The NCC board members are largely unknown. One is a forest industry person, another in general management and marketing, a philosopher and the rest are all either government administrative or education management bureaucrat types. There is not one serious entrepreneur or businesses corporate executive like a Terry Matthews or Jim Balsillie. This explains the insanity of the current Lebreton Flats redevelopment proposal. NCC conditions for applying were so ridiculously secretive and onerous that only two bidders stepped up. Of these, only the Rendezvous LeBreton, 100 per cent private money proposal led by Ottawa Senators owner Eugene Melnyk is credible. The other, the LeBreton Re-Imagined by Devcore, Canderel and DLS Group (DCDLS) is not a serious bid. Their plan is built around an NHL arena and reliance on existing government incentives (whatever that means!). DCDLS does not own an NHL team and will not own one. This should disqualify them immediately from consideration. If the NCC board is dimwitted enough to proceed with the DCDLS LeBreton Re-Imagined proposal (and we know from their track record that they are foolish enough to do this) it will create the biggest white elephant in the region’s history. DCDLS is jesting in the media that they can build and then sell their rink to the competition.

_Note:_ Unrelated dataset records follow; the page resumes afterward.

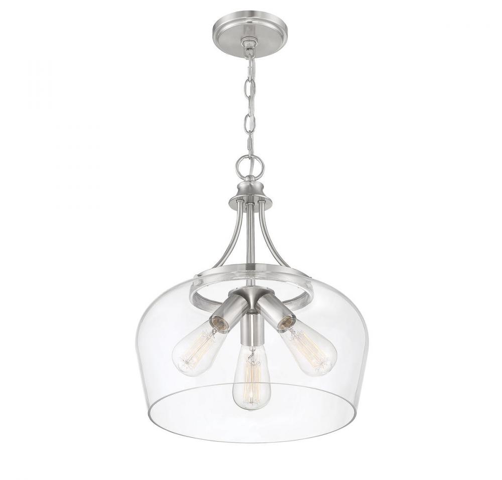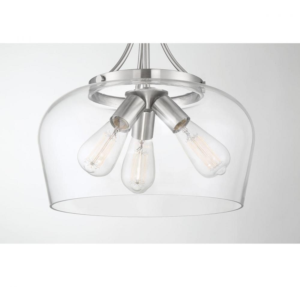 In the Savoy House Octave 3-light pendant, a bold, light-colored frame and streamlined silhouette create an air of elegance and sophistication. The satin nickel finish and large clear glass shade go with absolutely everything. Whether you have transitional, contemporary, bohemian or other decor styles in your home, you’ll love the way this Octave fixture stylishly blends in. At 15" wide by 18" high, this pendant is a perfectly graceful, proportionate size whether used solo or in groupings. The curved glass shade has a sleek, uncluttered look and three 60W standard size bulbs provide lovely light for clean, casual style in your dining area, living room, kitchen, foyer, bedroom, bathroom, hallway, family room, office, great room or stairway.
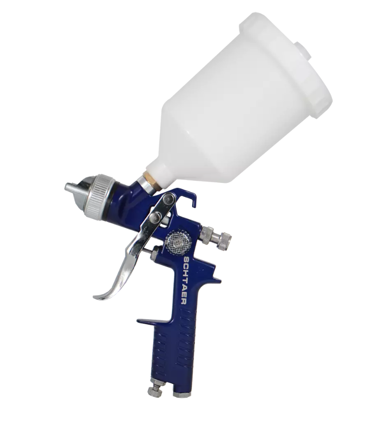 Краскораспылитель SCHTAER SCH-827 с верхним бачком предназначен для распыления базовых покрытий, лака, грунтовок.
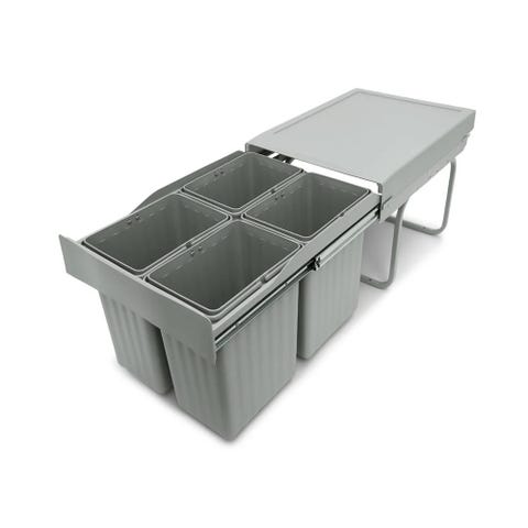 De to udtræksstel til affaldssortering har produktkode 204.228.53 og de to plastspande har hhv. produktkode 803.980.58 og 804.338.82. Sælges udelukkende grundet flytning og ny indretning i køkkenet.
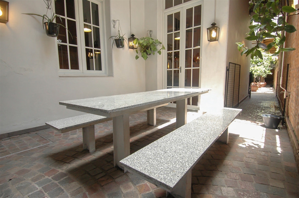 Un recorrido alternativo del inmueble nos lleva desde el pasillo de entrada a un amplio patio adoquinado, luego otro pasillo, y un segundo patio con mesa y bancos de mármol.

This is unprofessional and disrespectful to what should be a serious process. Their glib remarks about Mr. Melnyk are in poor taste to the Ottawa Senators organization who has put hundreds of millions of dollars into our economy over the past quarter century, including millions to local charities. The Rendezvous LeBreton proposal should be approved and given the fast track to proceed as soon as possible. Heritage Minister, Melanie Joly should introduce a bill to disband the NCC and set up a new agency that can better serve Canada’s capital region, of which the Mayors of Ottawa and of Gatineau should be permanent ex-officio members. The incompetence of the NCC does not serve the public interest and continues to destroy the soul of our great city.